The proof is organized as follows. First we show that if a sufficiently small time window is chosen around the event time, then it can be assumed that only one event occurs during the time window. We then use the asymptotic form for the probability that one event occurred during the window to compute the conditional probability that there were $x$ leopards in the valley. We then average over this distribution to compute the expected number of leopards in the valley after one is seen leaving.
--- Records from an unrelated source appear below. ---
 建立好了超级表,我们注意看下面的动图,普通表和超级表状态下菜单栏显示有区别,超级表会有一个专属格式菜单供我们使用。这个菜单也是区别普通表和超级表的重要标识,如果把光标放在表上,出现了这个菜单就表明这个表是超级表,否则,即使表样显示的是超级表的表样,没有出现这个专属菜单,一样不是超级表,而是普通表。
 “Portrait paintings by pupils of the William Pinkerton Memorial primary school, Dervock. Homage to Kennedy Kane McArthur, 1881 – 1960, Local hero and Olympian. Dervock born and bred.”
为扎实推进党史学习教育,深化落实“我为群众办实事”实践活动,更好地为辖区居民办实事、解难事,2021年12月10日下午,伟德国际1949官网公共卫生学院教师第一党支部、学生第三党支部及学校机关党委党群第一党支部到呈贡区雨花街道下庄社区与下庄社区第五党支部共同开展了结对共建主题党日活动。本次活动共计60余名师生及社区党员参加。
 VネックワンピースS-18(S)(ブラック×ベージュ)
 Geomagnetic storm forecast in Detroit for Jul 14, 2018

Suppose that an event occurs at time $t$. Consider the time interval $[t - \Delta t, t + \Delta t]$ for small $\Delta t$. By assumption, the probability that more than one event occurs in the interval is $\mathcal{o}(\Delta t)$. We condition on at least one such event occurring. The probability of at least one event occurring is proportional to $\Delta t$. This means that the probability of more than one event occurring, conditioned on an event occurring, is proportional to $\mathcal{o}(\Delta t)/(\Delta t)$, which, by definition, converges to zero as $\Delta t$ goes to zero. Therefore, for sufficiently small $\Delta t$ we can assume that only one transition event occurred in the time interval.
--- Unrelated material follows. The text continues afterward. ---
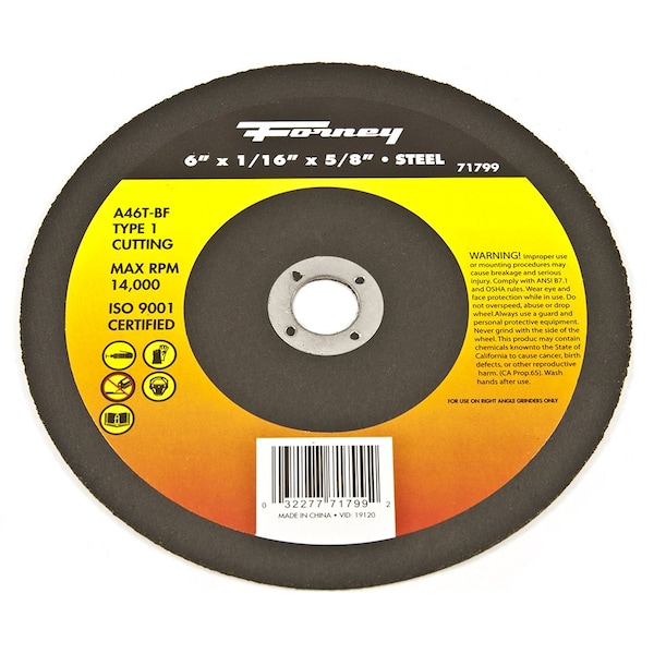 This Forney aluminum oxide steel cutting wheel is ideal for use on ferrous materials. Itfts engineered for metal cutting, metal abrasion, body work, metal fabrication, and general repair work. Designed to be used on Right Angle Grinders only. Type 1 wheels feature a flat wheel design for metal cutting applications.Product Specifications:* Wheel Size: 6 in* Wheel Type: Type 1 Flat* Thickness: 1/16 in* Arbor: 5/8 in* Abrasive Specification: A46T-BF * Abrasive Grain Type: A aluminum oxide* Grit: 46 medium* Bond Hardness: T hard: longer life, slower cutting or grinding* Type of Bond: BF resinoid fiberglass reinforced* Maximum Revolutions Per Minute RPM: 10,185 * Tool Type: Right Angle Grinder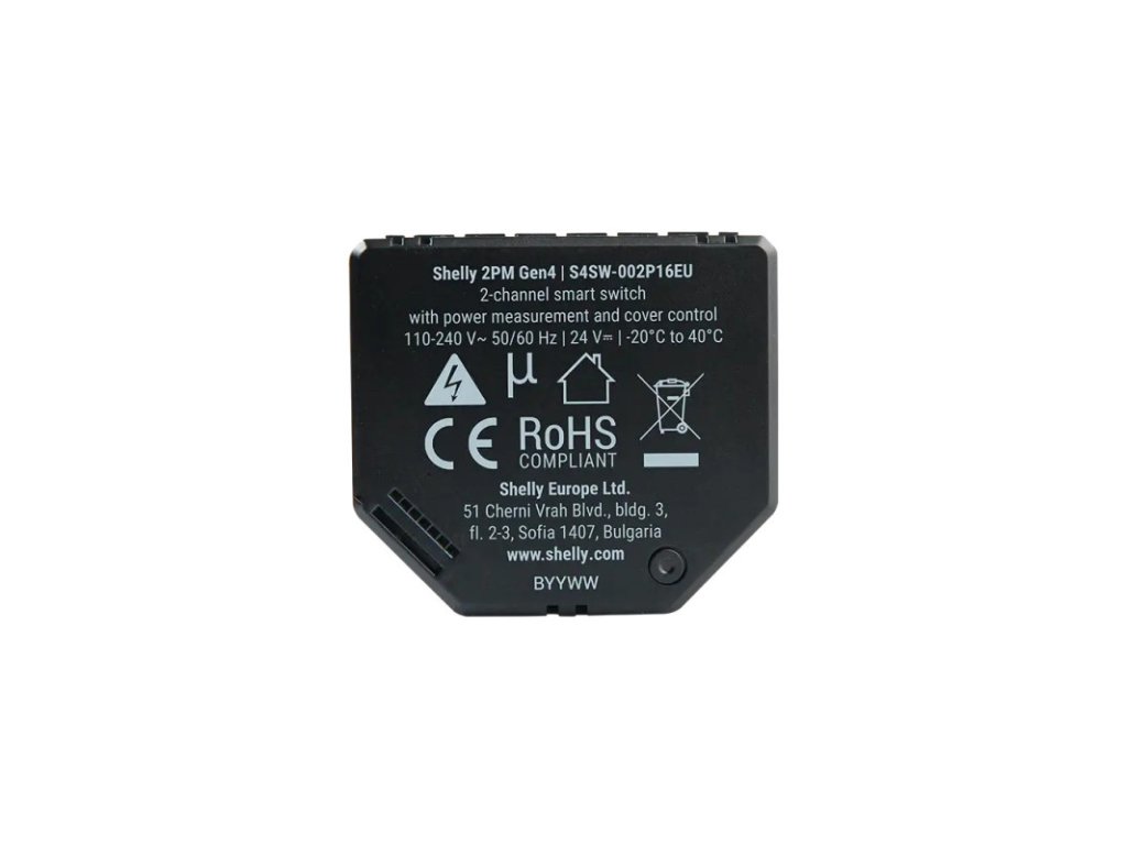 Shelly 2PM Gen4 je inteligentní spínač s dvoukanálovým ovládáním, měřením spotřeby a ovládáním krytu. Ovládejte a monitorujte na dálku dva různé elektrické obvody, nebo rolety, žaluzie a jiné obousměrné motory odkudkoli. Ideální pro dovybavení standardních elektroinstalačních krabic, zásuvek a vypínačů osvětlení, a to iv prostorách s omezeným prostorem.

Since one event occurred during the interval, $p(x,t+\Delta t) = \text{Pr}\{X(t + \Delta t) = x\}$ is the conditional probability:

$p(x,t+\Delta t) = \text{Pr}\{X(t - \Delta t) = x + 1| N([t-\Delta t, t + \Delta t]) = 1 \}.$

Or, equivalently:

$p(x-1,t+\Delta t) = \text{Pr}\{X(t - \Delta t) = x| N([t-\Delta t, t + \Delta t]) = 1\}.$

That is, the probability there are $X = x - 1$ leopards in the valley after seeing the event is the probability that there were $x$ leopards in the valley before seeing the event, given that an event occurred. To compute this conditional probability we will use Bayes’ rule.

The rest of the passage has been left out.